Task requirements — Only lines containing the word "ماهی" belong in the answer; copy each one from the records.

Study material —
——————————

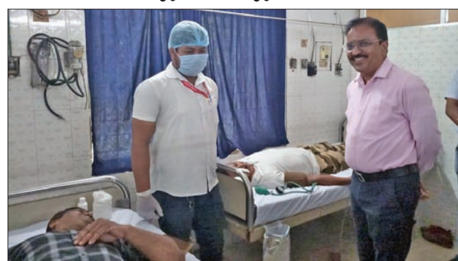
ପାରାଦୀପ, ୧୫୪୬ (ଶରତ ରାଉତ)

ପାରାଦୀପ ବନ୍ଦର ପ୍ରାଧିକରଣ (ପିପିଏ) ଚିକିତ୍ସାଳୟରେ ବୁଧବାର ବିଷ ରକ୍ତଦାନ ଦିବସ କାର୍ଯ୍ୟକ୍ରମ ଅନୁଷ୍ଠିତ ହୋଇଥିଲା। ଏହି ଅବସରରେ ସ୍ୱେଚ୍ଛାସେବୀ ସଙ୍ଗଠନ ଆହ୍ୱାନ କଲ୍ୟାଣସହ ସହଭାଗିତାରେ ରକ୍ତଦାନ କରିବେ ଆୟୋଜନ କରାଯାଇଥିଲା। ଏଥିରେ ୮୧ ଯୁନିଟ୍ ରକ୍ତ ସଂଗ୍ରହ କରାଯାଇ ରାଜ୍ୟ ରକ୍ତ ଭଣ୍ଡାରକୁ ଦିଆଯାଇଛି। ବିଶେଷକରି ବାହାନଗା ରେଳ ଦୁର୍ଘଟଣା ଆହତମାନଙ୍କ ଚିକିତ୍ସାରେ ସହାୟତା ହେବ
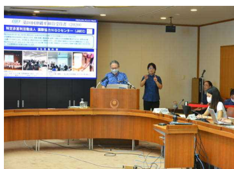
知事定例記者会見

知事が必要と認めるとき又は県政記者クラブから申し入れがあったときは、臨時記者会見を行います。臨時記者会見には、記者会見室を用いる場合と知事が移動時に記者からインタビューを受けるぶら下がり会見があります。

——————————

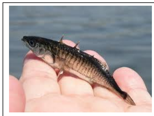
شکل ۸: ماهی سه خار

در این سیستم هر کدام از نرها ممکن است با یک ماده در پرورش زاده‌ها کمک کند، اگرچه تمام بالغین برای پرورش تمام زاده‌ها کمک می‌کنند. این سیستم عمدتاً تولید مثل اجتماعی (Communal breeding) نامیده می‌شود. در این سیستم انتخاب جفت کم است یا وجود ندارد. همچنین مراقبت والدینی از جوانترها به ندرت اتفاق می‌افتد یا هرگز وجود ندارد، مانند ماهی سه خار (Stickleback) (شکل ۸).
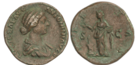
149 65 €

——————————

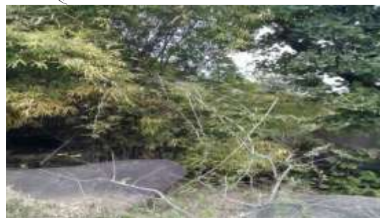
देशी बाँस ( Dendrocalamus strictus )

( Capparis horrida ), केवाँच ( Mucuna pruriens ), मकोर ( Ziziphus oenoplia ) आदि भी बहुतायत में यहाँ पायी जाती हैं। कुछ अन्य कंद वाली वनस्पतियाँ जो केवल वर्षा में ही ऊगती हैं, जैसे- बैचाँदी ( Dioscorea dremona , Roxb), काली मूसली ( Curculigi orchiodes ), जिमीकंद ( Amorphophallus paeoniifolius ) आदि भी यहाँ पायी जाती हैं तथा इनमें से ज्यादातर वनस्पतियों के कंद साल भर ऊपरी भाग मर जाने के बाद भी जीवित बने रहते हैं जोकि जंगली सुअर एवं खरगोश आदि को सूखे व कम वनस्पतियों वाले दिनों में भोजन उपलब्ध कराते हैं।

——————————

Written solution —
شکل ۸: ماهی سه خار
در این سیستم هر کدام از نرها ممکن است با یک ماده در پرورش زاده‌ها کمک کند، اگرچه تمام بالغین برای پرورش تمام زاده‌ها کمک می‌کنند. این سیستم عمدتاً تولید مثل اجتماعی (Communal breeding) نامیده می‌شود. در این سیستم انتخاب جفت کم است یا وجود ندارد. همچنین مراقبت والدینی از جوانترها به ندرت اتفاق می‌افتد یا هرگز وجود ندارد، مانند ماهی سه خار (Stickleback) (شکل ۸).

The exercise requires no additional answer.